• [Exercise objective]
Return only the lines from the top of the data down to the one that holds "Drop a few poufs", both included, without any pictures.

• [Excerpted data]

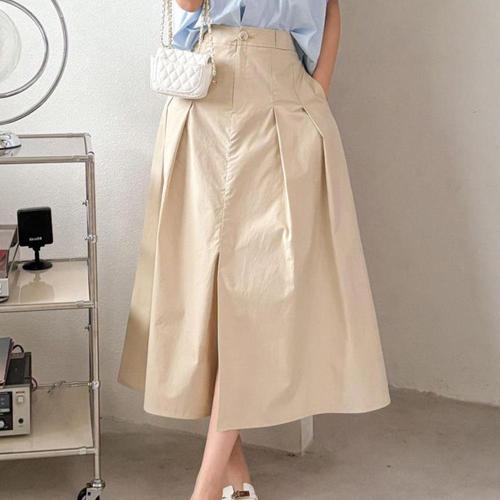 [옷자락] [시즌오프]여름 등원룩 핀턱 앞트임 A라인 코튼 롱스커트_5
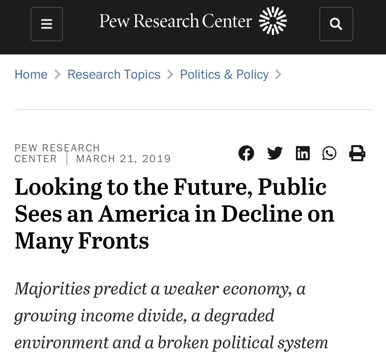 When Americans peer 30 years into the future, they see a country in decline economically, politically and on the world stage.
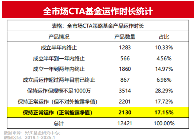 以下統(tǒng)計了2019年以來全市場CTA基金產(chǎn)品運作時長情況,產(chǎn)品成立后能運作至今,并保持凈值正常披露的產(chǎn)品數(shù)量占比僅為17.15%。
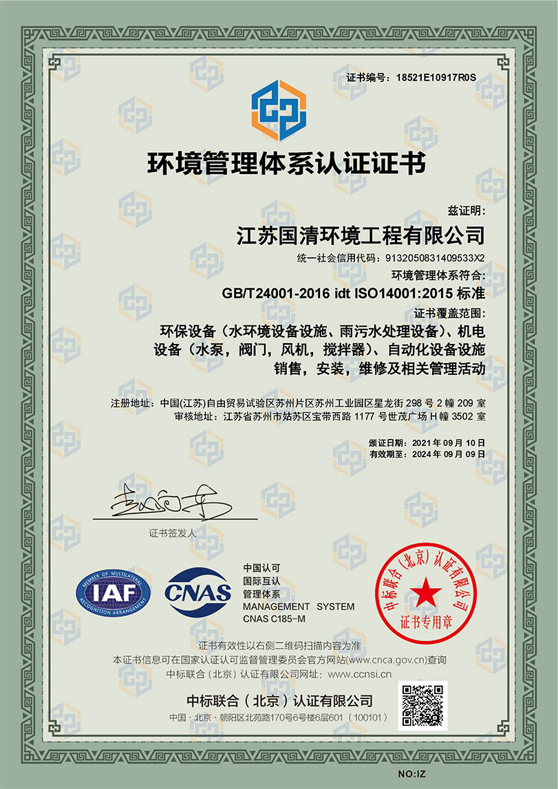 环境管理体系认证证书
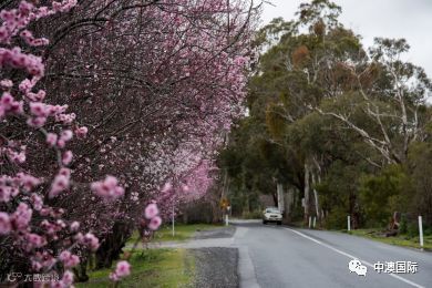 时间是八月初,所到之处各种花都开了,阿德莱德很难找到大片赏樱的地方,但是这边很喜欢种红叶李和梨花,偶尔还有樱花间种其中。这几种树花期都差不多,也都是先开花后发叶,树形花形也类似,一起开放的时候显得特别热闹。我们沿着57号观光路线开的时候偶然间发现了这条开满鲜花的小路。这条路两边是两个门对门店的大农场,虽然一路也看到不少人家房前屋后的花开得很美,但是像这样一整条路一起开花的景象还是比较少见的。
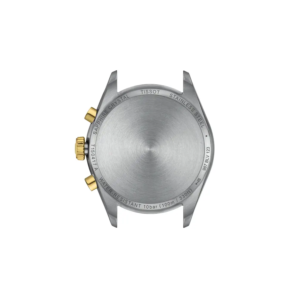 The Tissot PR 100 Chronograph (T150.417.22.031.00) offers a refined blend of classic styling and modern functionality. Its 40 mm 316L stainless-steel case with silver-and-gold bicolor PVD finish creates a luxurious look suitable for everyday wear as well as formal occasions. The silver dial with contrasting gold details is protected by scratch-resistant sapphire crystal, ensuring long-lasting clarity and excellent readability. Detailed product description
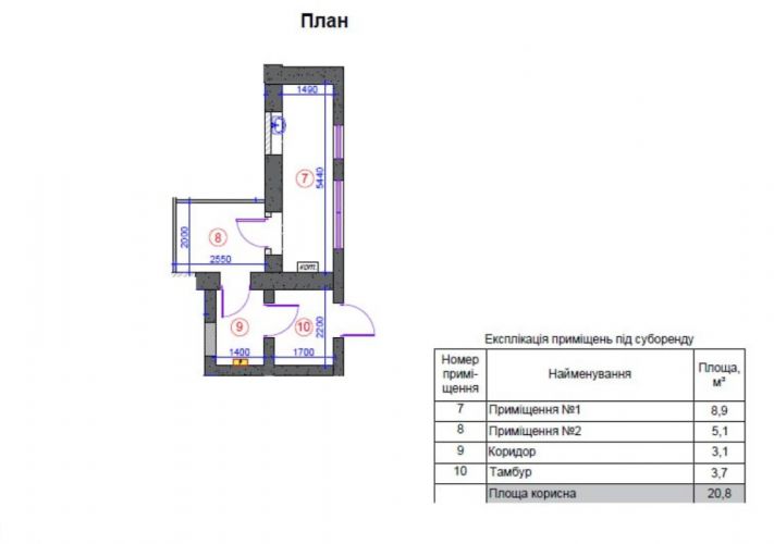 В приміщенні 2 кабінети, мокра точка, без с/в.
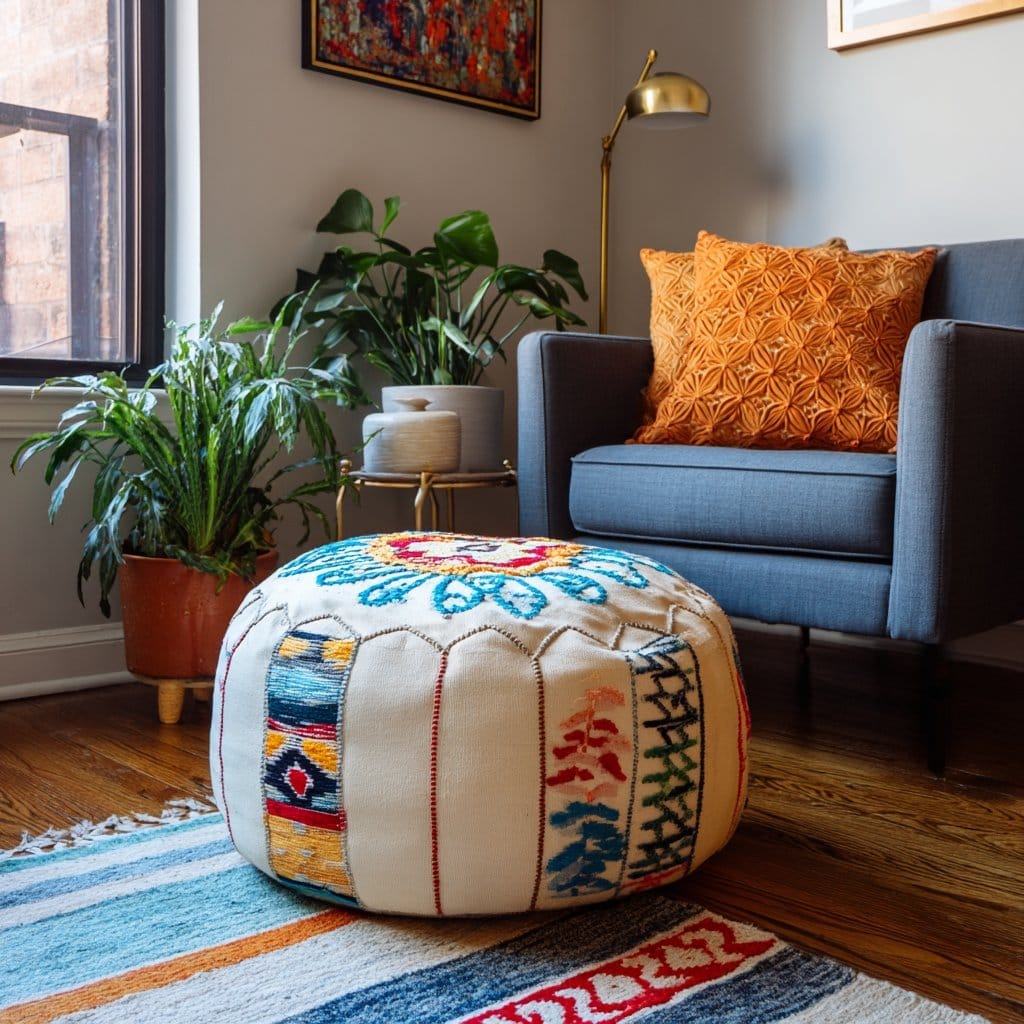 Drop a few poufs around and let the patterns do their thing. No need to match; mix stripes, geometrics, or global-inspired prints for a fun, unpredictable look.
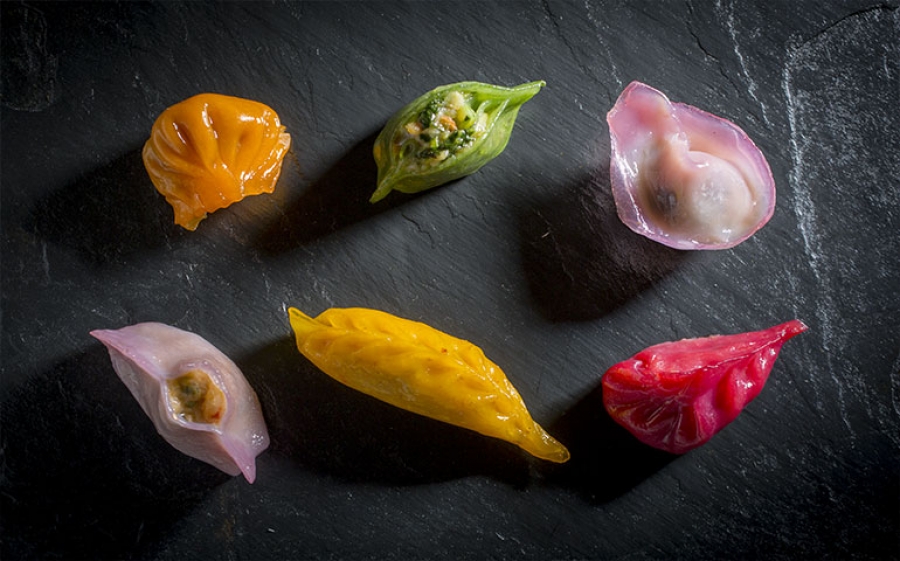 La specialità di Blue Ginger e dello chef Cheng Kang sono senza ombra di dubbio i tipici ravioli cinesi, i dim sum, proposti in tante curiose ed inedite varianti. Ci sono i dim dum in sfoglia di cioccolato con ripieno di astice, in sfoglia al mirtillo con ripieno di branzino, quelli in sfoglia alle bacche di Goji con ripieno di gamberi, quelli in sfoglia al basilico con ripieno di polpo e quelli in sfoglia al nero di seppia con ripieno di calamaro, oppure i ravioli in sfoglia alla barbabietola con ripieno di rombo, noci e mango, in sfoglia al lampone con ripieno di gamberoni e in sfoglia all’arancia con ripieno di salmone: un vero e proprio arcobaleno di dim sum.

• [Completed exercise]
 [옷자락] [시즌오프]여름 등원룩 핀턱 앞트임 A라인 코튼 롱스커트_5
 When Americans peer 30 years into the future, they see a country in decline economically, politically and on the world stage.
 以下統(tǒng)計了2019年以來全市場CTA基金產(chǎn)品運作時長情況,產(chǎn)品成立后能運作至今,并保持凈值正常披露的產(chǎn)品數(shù)量占比僅為17.15%。
 环境管理体系认证证书
 时间是八月初,所到之处各种花都开了,阿德莱德很难找到大片赏樱的地方,但是这边很喜欢种红叶李和梨花,偶尔还有樱花间种其中。这几种树花期都差不多,也都是先开花后发叶,树形花形也类似,一起开放的时候显得特别热闹。我们沿着57号观光路线开的时候偶然间发现了这条开满鲜花的小路。这条路两边是两个门对门店的大农场,虽然一路也看到不少人家房前屋后的花开得很美,但是像这样一整条路一起开花的景象还是比较少见的。
 The Tissot PR 100 Chronograph (T150.417.22.031.00) offers a refined blend of classic styling and modern functionality. Its 40 mm 316L stainless-steel case with silver-and-gold bicolor PVD finish creates a luxurious look suitable for everyday wear as well as formal occasions. The silver dial with contrasting gold details is protected by scratch-resistant sapphire crystal, ensuring long-lasting clarity and excellent readability. Detailed product description
 В приміщенні 2 кабінети, мокра точка, без с/в.
 Drop a few poufs around and let the patterns do their thing. No need to match; mix stripes, geometrics, or global-inspired prints for a fun, unpredictable look.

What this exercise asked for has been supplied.